He started the 2010–11 season by assisting two of Millwall's goals in the club's opening day 3–0 victory against Bristol City at Ashton Gate on 7 August 2010. In the club's following league match, he scored two headed goals as Millwall beat Hull City at The Den. It was reported that Millwall rejected a £2million offer for Morison from Nottingham Forest on 15 October 2010, with Millwall manager Kenny Jackett stating there is "no chance" that Morison will be sold in the January transfer window. A day later, Jackett said the club had not received a formal bid for Morison from Forest. Morison subsequently signed a new -year contract with Millwall on 5 February 2011, ending transfer speculation about his long-term commitment to the club. Morison ended the season having scored 17 goals for Millwall in 43 appearances.

Norwich City

At the end of the 2010–11 season, Morison handed in a written transfer request amid speculation about a move to newly promoted Premier League club Norwich City. Millwall rejected the transfer request. A day later, Morison revealed "Norwich have made a couple of bids that have been turned down so I've done what I've done. I want to play in the Premier League, I might not get another opportunity". Millwall accepted an offer from Norwich for Morison after the two clubs agreed a fee for the player on 2 June 2011, it was the fourth bid Norwich had made for Morison. He signed for the club on a three-year contract for an undisclosed fee on 6 June. Morison made his Norwich City debut against Wigan Athletic during the club's first game of the 2011–12 season, playing 75 minutes of the match in a 1–1 draw. He assisted Norwich's equalising goal, beating Adrián López Rodríguez on the right wing and providing a cross that was ultimately turned in by Wes Hoolahan. He scored his first goal for the club in Norwich's first home win of the season, a 2–1 victory against Sunderland on 26 September 2011. He scored his tenth goal of the season in a 3–3 draw away to Arsenal at Emirates Stadium on 5 May 2012. Morison's late strike from a tight angle drew Norwich level after they had trailed 3–2 with five minutes remaining. During his first season at the club, he scored ten goals in 37 appearances.

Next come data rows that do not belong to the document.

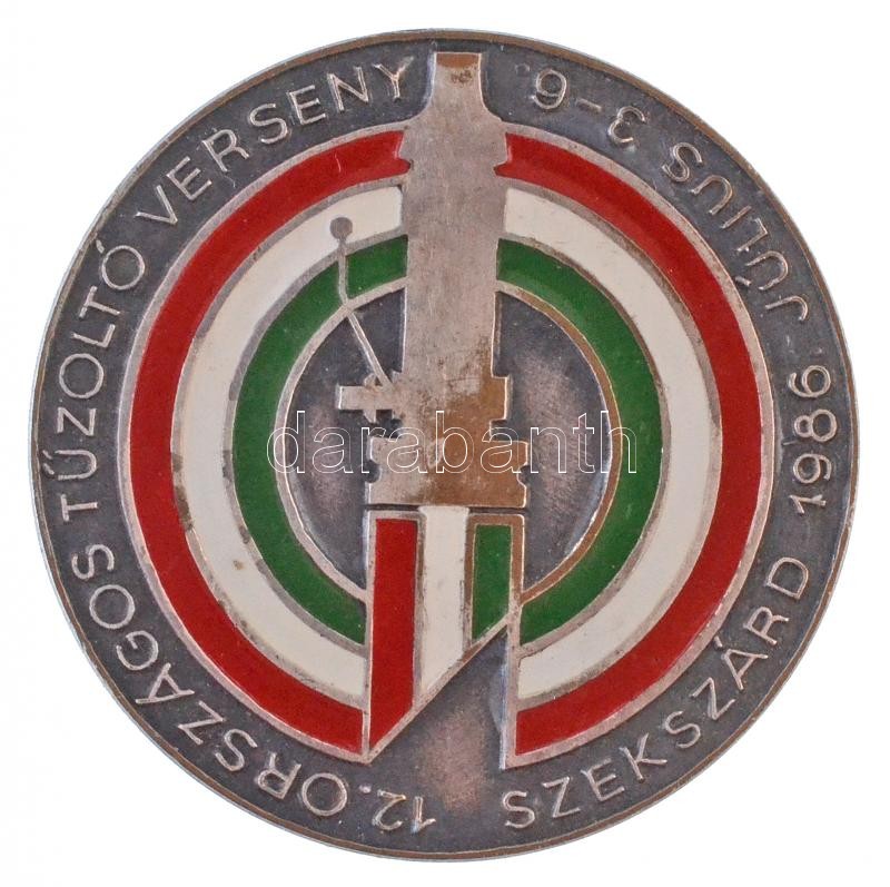 Leírás: 1986. "12. Országos Tűzoltó Verseny - Szekszárd 1986. június 3-6." festett, ezüstözött Br jelvény T:1-,2
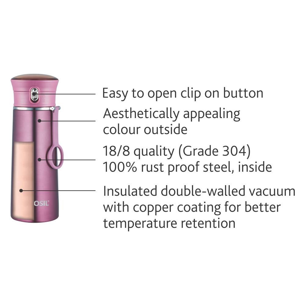- Double-walled vacuum insulated with copper coating for better temperature retention
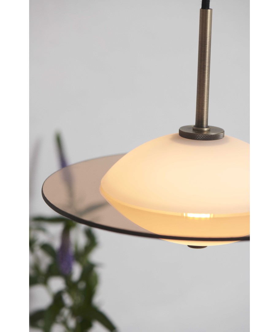 Opplev hvordan eleganse møter funksjonalitet med denne intrikate pendellampen. Utformingen kombinerer det stilfulle uttrykket av antikk messing med den myke, diffuse belysningen fra opalglass. Denne kombinasjonen gir et tidløst uttrykk som smelter sømløst inn i ethvert moderne hjem.
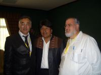 El presidente boliviano, Evo Morales, y el ombudsman mexicano, José Luis Soberanes Fernández, durante la inauguración de la octava Conferencia Internacional de Instituciones Nacionales de Derechos Humanos, en Santa Cruz, Bolivia, donde el titular de la CNDH exhortó a sus homólogos del mundo a pugnar en sus países por la despenalización de la migración y de los migrantes, con el propósito de que la internación indocumentada a un país sea considerada falta administrativa y como tal sea atendida y sancionada. A la izquierda, el ombudsman de Tyrgyzstán, Tursunbay Bakir
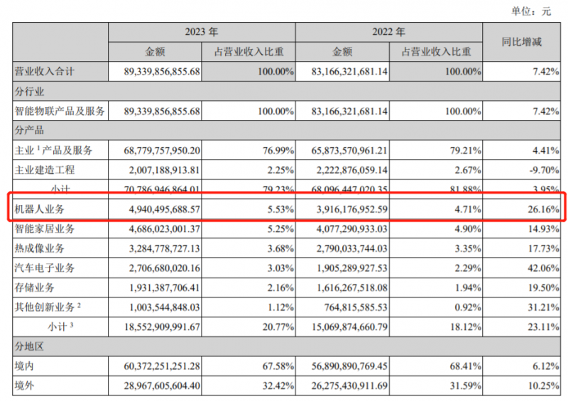 2023年,海康威視創新業務總收入185.53億元,占公司整體收入20.77%。其中,海康機器人業務營收49.4億,同比增長26.16%。

The following season, under new Norwich manager Chris Hughton, Morison featured predominantly as a substitute, starting just four games during the first half of the 2012–13 season. He scored his first goal of the season in a 5–2 home defeat to Liverpool on 29 September 2012, a match in which he started. Morison made his last appearance for Norwich in a 4–3 defeat to Manchester City in the club's final game of 2012. He made 59 appearances during his one-and-a-half year spell at the club, scoring 12 goals.

Leeds United
On the last day of the 2013 January transfer window, Morison signed for Championship club Leeds United as part of a swap deal. The transfer involved Luciano Becchio moving to Norwich, as well as Norwich paying Leeds a "further undisclosed sum". On signing Morison, the then-Leeds manager Neil Warnock said that – "Steve meets all the requirements of the striker we've been looking to bring in. For me, he is a player who has everything. He can score goals from anywhere – whether it's 25 yards or a tap-in – he has pace, and he has all the attributes you want". He made his Leeds debut on 9 February 2013, playing the whole match in the club's 2–2 draw against Wolverhampton Wanderers at Molineux. Morison scored his first goal for the club on his home debut on 20 February 2013, scoring the second goal in a 2–0 victory over Blackpool. He scored three goals in 16 appearances during the second half of the 2012–13 season.

Millwall loan
A day after returning for pre-season training with Leeds, on 28 June 2013, Morison joined former club Millwall, also of the Championship, on a season-long loan deal. On rejoining Millwall, Morison stated – "I'm pleased to be back here. If anybody has any doubts about me all I'd say is that I aim to score plenty of goals for Millwall and help this club to greater success". Morison made 41 appearances during the loan agreement, of which 25 were starting, and scored eight times as Millwall finished the season in 19th-place in the Championship.

Return to Leeds
He returned to Leeds upon the conclusion of his loan, with new Leeds chairman Massimo Cellino stating Morison was in Dave Hockaday's plans for the 2014–15 season, but that "he needs to show if he's still a good player because he used to be". Morison missed the opening games of the season through injury, making his first league appearance for Leeds in over a year as a substitute against Huddersfield Town on 20 September 2014. He scored his first goal for Leeds in over two years when he scored a volley in a 2–1 defeat to Charlton Athletic on 19 April 2015. He made 26 appearances during the season, scoring twice.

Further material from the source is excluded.